Upon our Good Name
1 min • Digitized on February 5, 2022
From The Spirit of St. Francis de Sales, page 161
By His friend, Jean Pierre Camus, Bishop of Belley
UPON OUR GOOD NAME.
It is hardly likely that Blessed Francis could have been ambitious of the empty honours attached to an office at court since he did not even trouble himself to keep up his own reputation, except in as far as it might serve to advance the glory of God, which was not only the great but the one passion of his heart.
When a very serious accusation against him was carried to the court, he tells us:
I remained humble and silent, not even saying what I might have said in my defence, but contenting myself with bearing my suffering in my heart.
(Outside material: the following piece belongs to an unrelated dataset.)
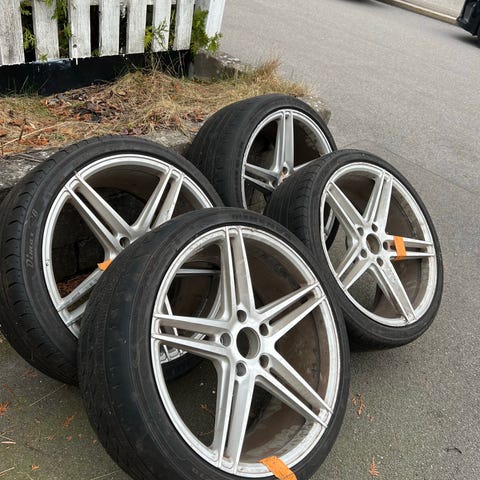 Tøffe men støgge felger selges. Ikke kast og sprekker. Men kantkjørt så det holder.

The effect of this patience has been to kindle in my soul a more ardent love of God, and also to light up the fire of meditation. I said to God: Thou art my Protector, and my Refuge in this tribulation, it is for Thee to deliver me out of it. O God of truth, redeem me from the calumny of men!
He wrote as follows on the same subject to a holy soul who was far more keenly interested in what concerned him than in what affected herself:
After all, Providence knows the exact amount of reputation which is necessary to me, in order that I may rightly discharge the duties of the service to which I have been called, and I desire neither more nor less than it pleases that good Providence to let me have.